Bull Put Spread and Cash Secured Put Strategy

Sorry I’ve been a little absent but I wanted to refine my new option strategy before I shared it. I made a couple of trades that went south on me and I didn’t want to share a strategy that didn’t work.

After some losses and then some wins after doing some tweaking I feel that this strategy is something that will have a high success rate.

As I started my strategy I originally only wanted to trade ETF’s because of their improbability of going under.  However I feel that you can successfully trade this strategy on reputable stocks that are trading at a discount.  




Here’s the strategy in a nutshell:

  • Decide what you are willing to risk and then divide that by 100 for the 100 shares you may have to buy for on options contract. 
  • That will give you the price of the underlying stock you are going to scan for.  So for instance if I am only willing to risk $4,000 then I need to look for stocks that trade around $40 a share.
  • I only look for reputable companies or ETF’s and that’s about the lowest price range you will find.  A good range to trade at is around $60-$100 a share.
  • For this cash-secured put strategy you need to have the money to buy 100 shares of the stock just in case you get assigned.  Our goal is to not get assigned but in case you need to save a trade that went bad you have another option of selling a call to make back some money.
  • Make sure the stock is on an uptrend – the trend is your friend.
  • Check the weekly options chain and look for a Bid price on the Put side of at least .60 (it can be .50)
  • There should be less than a .30 difference between the Bid and Ask price.
  • The strike price should be at least 2 strikes out of the money.
  • Check probabilities to make sure that the probability of the option being in the money is less than 30% and the probability of it touching that price is less than 50%
  • You want to execute your trade between Monday and Thursday before the next week’s option expiration to get the most premium and to take advantage of the accelerated time decay.
  • Sell the put close to .60 and buy the closest put that costs .05 or less.  This is for insurance in case the trade moves against you but you don’t want to pay too much for insurance.  It makes this a bull put spread.
  • Set your alerts on your trading software to notify you of 10% moves of the stock either way.  This way you can go about your day and not have to watch the stock until the end of the day. 
  • If the stock starts moving against you, get out of the trade and find another stock.  But don't be too scared if the stock moves down to a technical line of support, let the trade play out especially if it's in an up trend.
  • If the stock price moves in your favor be patient and wait for the next week Wednesday or Thursday before expiration and then close your positions to get as much profit as possible.
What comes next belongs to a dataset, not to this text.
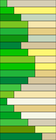 3rd, 7th, 13th and 17th strips: Cut a 6 1/2" long green strip and 10 1/2" long light-colored strip. Sew them together. Label the strips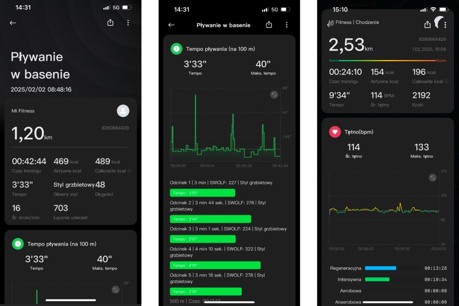 Ja przepłynąłem z nim ponad kilometr podczas jednego treningu i spisał się bez zarzutu. Podczas pływania mogłem na bieżąco śledzić najważniejsze informacje, takie jak dystans, ilość przepłyniętych basenów czy spalonych kalorii, a po zakończeniu treningu, czy to na zegarku, czy w aplikacji Mi Fitness, sprawdzić dokładnie na wykresach tempo, częstotliwość uderzeń czy SWOLF (wskaźnik efektywności pływania). Jak po każdym treningu otrzymałem także Ocenę witalności, która mierzy pozytywny wpływ aktywności fizycznej na zdrowie. Naszą ogólną ocenę witalności możemy na bieżąco śledzić w aplikacji bądź w smartwatchu i na jej podstawie analizować, czy robimy wystarczająco dużo, aby zachować formę, a tym samym bardziej świadomie planować treningi.

Wednesday, October 15, 2014

Win in Any Market … Play the Opposite Side

I know a lot of people have been hit with the market sell off over the past week or so.  I started my options strategy at this time and got hammered on a bio tech stock that had bad results on a failed trial.  This got me focused on really tightening up my strategy to make it work with a higher percentage of success.

At my level of trading I’m looking at ETFs that trade around $40 a share that preferably have weekly options with a high premium.  I am trying to sell puts for the premium on Thursday and use the time decay to make my buy back price lower thus netting me a profit.




With the whole market on a downward tailspin right now the only ETF that fits this criteria is VXX.  The VXX is an ETF that follows the volatility of the market and it moves in contrary motion to the S&P 500. 

I got into a position on Monday and closed today making a decent profit.  I just got into another position and hopefully with all of this volatility I can get out today with another profit.